Is the Gross Domestic Product real? How about the unemployment rate? Or the population of the United Kingdom? These are entities that hover between the realms of the invented and the discovered. On the one hand, they are creatures of classification and calculation, of conventions of coding, modelling and sampling. It is the artifice of definition that makes them cohere – or unravel. Depending on the method by which GDP is reckoned (e.g. sum total of all rents, wages, profits, interest and dividends as against national expenditure on goods and services), or how unemployment is defined (without a job? without a job and actively seeking one?), different numbers result.

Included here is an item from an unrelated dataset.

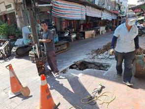 依本廠年中統計資料,金門地區114年1至6月間之總漏水率約為12.26%,雖較以前年度微幅下降,然而仍有改善空間。考量金城市區自來水管線多屬早年建置,迄今已漸老舊,再因住房密集及巷弄狹小,導致整體分佈錯綜複雜,而歷來雖未有重大事故,卻著實潛藏漏水及破管隱憂。為防患於未然,本次查漏教學再以金城市區為實施地點,包含民族路、莒光路及其周邊巷弄,於蘇隆盛老師之豐富經驗與指導下,同仁得藉由相關聽音設備,陸續尋獲多處可疑漏水點,再經開挖確認,順利完成修復工作。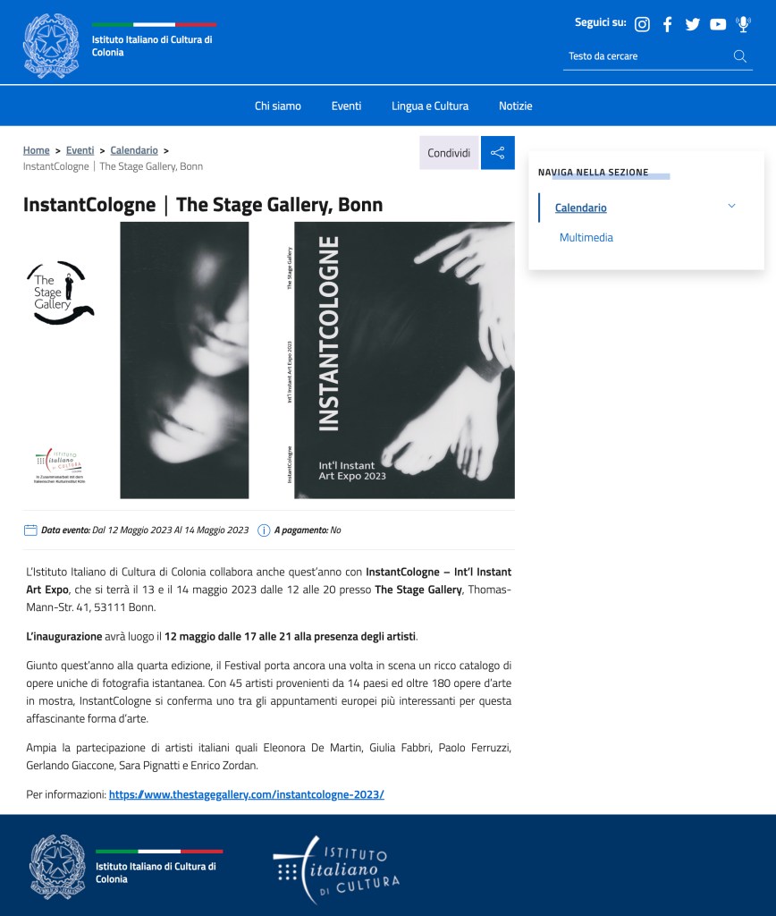 Dear all, my next stop will be in Germany 🇩🇪 at @thestagegallery for #instantcologne2023 May 12th 13th 14th.

More disturbingly for common-sense realism, these entities come into being (and sometimes pass away) in specific historical circumstances that don’t satisfy the usual criteria of solidity and permanence for bona fide things in the world. Why did the category of ‘unemployment’ supersede that of ‘poverty’ around the turn of this century? And why are international population and medical statistics so hard to standardise? On the other hand, statistical entities are robust and vigorous: GDP and the unemployment rate guide government planning and affect the outcome of elections. Actuarial statistics, which correlate the risk of car accidents primarily with horsepower in Germany but with the age and sex of the driver in the United States, set the price of policies and are the foundation of vast fortunes for insurance companies. The categories of national labour statistics are only approximately translatable, even among the homogenised economies of the European Community: to be a Beamter or cadre or manager is not just to assume a label, but to take on a distinct persona. If they are not part of the durable furniture of the world, the same everywhere and always, statistical entities nonetheless change the world. They are, as Alain Desrosières puts it, ‘things that hold’.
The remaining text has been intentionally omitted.